Primero, al experiencialismo se le puede acusar conceptualmente de reduccionismo intrasubjetivo (es decir, la reducción de los fenómenos espi­rituales y transpersonales a la condición de experiencias privadas indivi­duales) y de cartesianismo sutil (es decir, una comprensión inadecuada de los fenómenos espirituales y transpersonales según un modelo de conoci­miento y cognición sujeto-objeto). Pragmáticamente, también hemos vis­to cómo el experiencialismo tiende a fomentar el narcisismo espiritual (es decir, el mal uso de las energías espirituales para reafirmar formas de exis­tencia narcisistas o egocéntricas), y el estancamiento integrativo (es decir, la obstaculización del proceso natural por el que las realizaciones transpersonales y espirituales se integran en la vida cotidiana en la dirección de una transformación espiritual del yo, de las relaciones y del mundo). Se­gundo, el empirismo interno suele resultar en una colonización de la espi­ritualidad que no sólo carga a la investigación espiritual de ansiedades y pseudoproblemas objetivistas, sino que también tiene consecuencias per­judiciales para la tan necesitada legitimación contemporánea de la espiri­tualidad. Tercero, la adhesión al perennialismo es un compromiso prema­turo que ha sido tomado acríticamente, incluso aunque la filosofía perenne no cuente con el apoyo de los estudios modernos sobre el misticismo com­parado y construya importantes obstáculos para la hermenéutica transper­sonal, el diálogo interreligioso y la investigación espiritual.
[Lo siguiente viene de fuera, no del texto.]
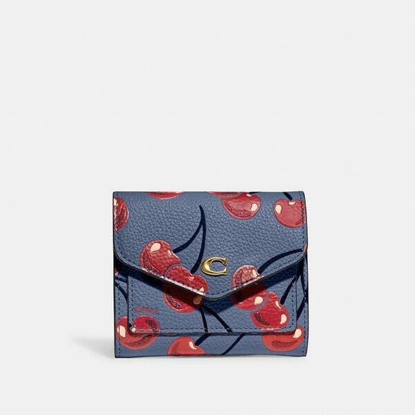 Description: Crafted of polished pebble leather featuring a cheerful cherry print, our Wyn Small Wallet invites organization with an elegant envelope design. Detailed with our Signature hardware, the tri-fold style opens to reveal seven card slots and a full-length bill compartment.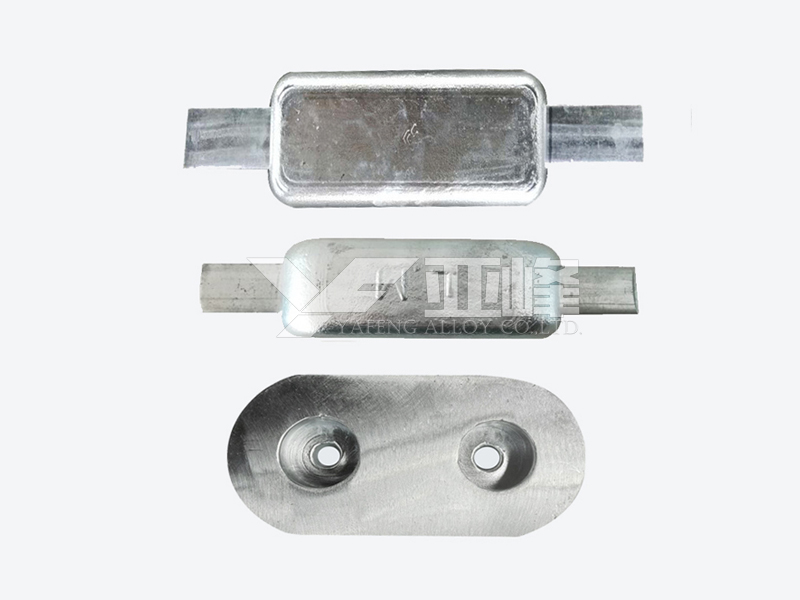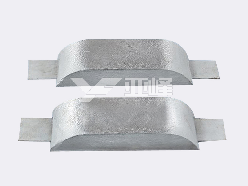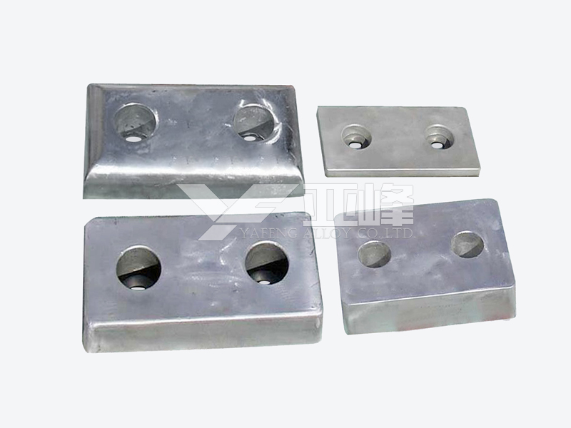 常用的鋁合金陽極有 Al-Zn-In 系和Al-Zn-Hg系陽極,適用于海水中的船舶、港工與海洋設(shè)施、海水冷卻水系統(tǒng)和儲(chǔ)罐沉積水部位等構(gòu)筑物的陰極保護(hù)。鋁合金陽極生產(chǎn)執(zhí)行 GB/T4948-2002《鋁-鋅-銦系合金犧牲陽極》。

En la segunda parte del libro (Reconstrucción), he sugerido que estas limitaciones se pueden superar a través de un giro participativo en los es­tudios transpersonales y espirituales. El quid de este giro participativo re­side en un cambio en nuestra comprensión de los fenómenos transperso­nales y espirituales que desplace el énfasis desde las experiencias intrasubjetivas a los eventos participativos. En pocas palabras, el giro par­ticipativo concibe los fenómenos transpersonales y espirituales, no como experiencias interiores individuales, sino como eventos participativos que pueden producirse en distintos ámbitos, por ejemplo, en el de un indivi­duo, una relación, una comunidad, una identidad colectiva o un lugar. Así pues, la dimensión intrasubjetiva de estos fenómenos se puede compren­der mejor como la participación de la conciencia individual en estos even­tos y no como su esencia fundamental o naturaleza básica. Más bien, la emergencia de un evento transpersonal puede potencialmente implicar la participación creativa de todas las dimensiones de la naturaleza humana, desde la transfiguración somática hasta el despertar del corazón, desde la comunión erótica hasta la co-creación visionaria y desde el conocimiento contemplativo hasta la percepción moral. En este libro he utilizado el tér­mino conocimiento participativo para referirme a este acceso creativo y multidimensional a la realidad.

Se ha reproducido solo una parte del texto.